The manufacturing of the anti-covid vaccine in Morocco will “certainly” help fight the pandemic in Africa, said Tuesday in Rabat, director of the African Union Center for Disease Control and Prevention (CDC Africa), Dr. John Nkengasong.
“I have learned that in a few months Morocco will start manufacturing vaccines. This will certainly help in the fight against Covid-19 in the Kingdom, but also at the continental level,” he told the press at the end of talks in Rabat with Foreign Minister Nasser Bourita.
Nkengasong also praised the scale of the vaccination campaign in Morocco, “which has already vaccinated more than 45% of the population, making it the first country in Africa to have really high coverage, comparable to what we have seen in European countries”.

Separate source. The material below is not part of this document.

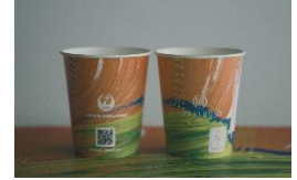
Inflight paper cups (*Image)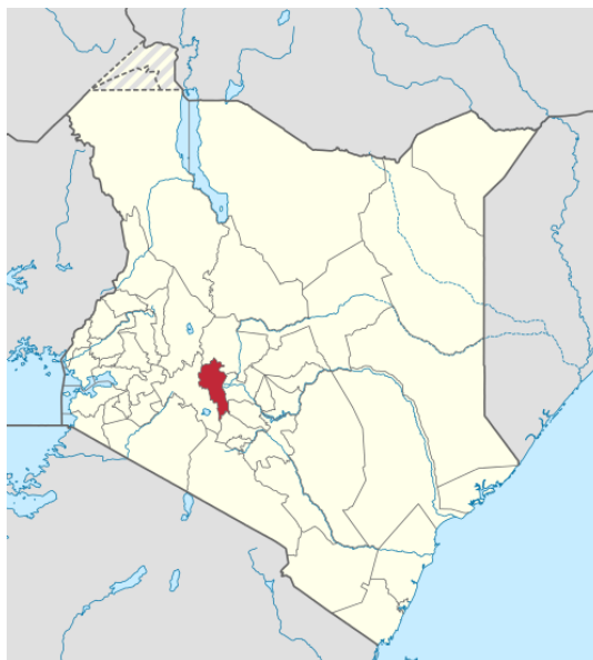
Map showing Nyandarua County in Kenya

He also expressed CDC Africa’s “support” for all the actions carried out by the Kingdom to fight Covid-19 at the local and continental levels, mentioning, in this regard, the donations granted last year by Morocco to about twenty African countries to help them fight the pandemic.
The CDC Africa chief, who is on a working visit to Morocco at the head of a high-level delegation, also held a meeting with Health Minister Khalid Aït Taleb, during which he highlighted Morocco’s actions to pool African countries’ efforts in the fight against the pandemic.
He stressed that his visit to the Kingdom aims to discuss ways to enable African countries to benefit from the Moroccan experience and good practices for an effective management of the crisis.
Morocco has so far administered 28.8 million doses of the AstraZeneca and Sinopharm vaccines in addition to 300,000 doses of Johson & Johnson.
Last week it took receipt of a first shipment of 700,000 doses of the Pfizer-BioNTech vaccine as it diversifies supply sources to meet its herd immunity goal.